Saturday, May 1, 2010

Honoring The Dead


The Washington Race Course Cemetery saw the burial of Union dead and the first Memorial Day on May 1st 1865.


Many communities set aside a day to mark the end of the Civil War and honor those who had died. Some of the towns who began these early Memorial or Decoration Days included Columbus Mississippi, Carbondale Illinois, and Sharpsburg Maryland, among others. The first of these remembrance is thought to have been held by former slaves on May 1st 1865 at the Washington Race Course in Charleston South Carolina.

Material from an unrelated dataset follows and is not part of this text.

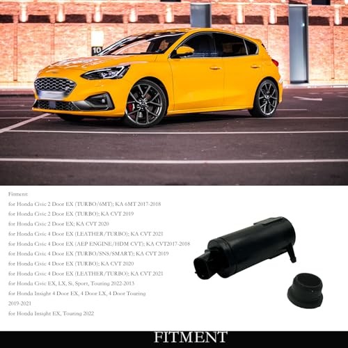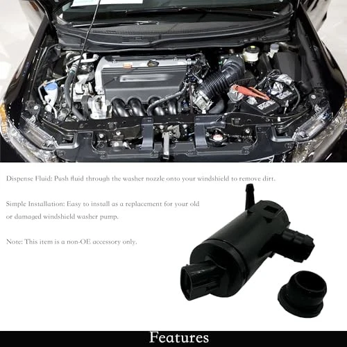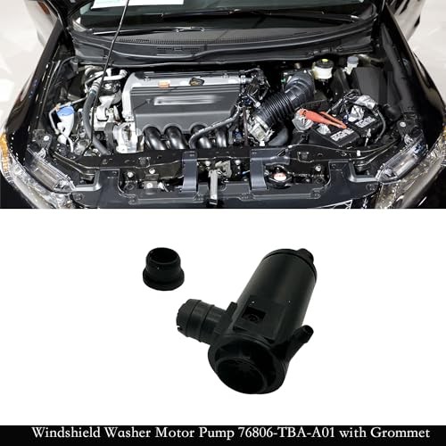 Windshield Washer Pump 76806-TBA-A01 Replacement for Honda Civic, Insight w/ Gro Windshield Washer Pump 76806-TBA-A01 Replacement for Honda Civic, Insight w/ Gro Windshield Washer Pump OE number/Part Number: 76806-TBA-A01/76806TBAA01. Windshield Washer Pump Fitment: for Honda Civic 2017-2021, for Honda Civic 2 Door EX (TURBO/6MT), KA 6MT 2017-2018, for Honda Civic 2 Door EX (TURBO), KA CVT 2019, for Honda Civic 2 Door EX; KA CVT 2020, for Honda Civic 4 Door EX (LEATHER/TURBO) KA CVT 2021. Benefits of Washer Pump: Crafted from sturdy plastic and rubber, this windshield washer pump is durable, corrosion-resistant, and crack-resistant. It is a good solution for replacing your current pump if it is damaged, cracked, or no longer functional. This pump effectively resolves any windshield washer issues by ensuring leak-free operation and dispensing washer fluid efficiently. Easy to install: To replace your old or broken windshield washer pump, connect the inlet and outlet hoses, secure the motor in place, and power it up to start pumping water. Remember to follow the instruction manual for detailed guidance. Package Includes: 1 Pcs Windshield Washer Pump, 1 Pcs Grommet. Note: Due to the light and screen difference, the product's color may be slightly different from the pictures.

The race course was used during the war as prison camp, and contained a mass grave behind the old grandstand of the Union soldiers who died there. Following the end of the war, the former slaves who lived in the area exhumed the bodies of the 257 Union soldiers who died there and reentered them in individual graves. There was a fence built and the area was declared to be a Union cemetery and named the “Martyrs of the Race Course“. It was reported by Charleston newspapers that on May 1st 1865 a crowd of around 10,000 including some 2,800 children attended ceremonies that included sermons, singing, picnicking on the grounds and laying of flowers. The 54th Massachusetts and the 34th and 104th United States Colored Troops drilled and did a march around the cemetery. This then became the first Decoration Day.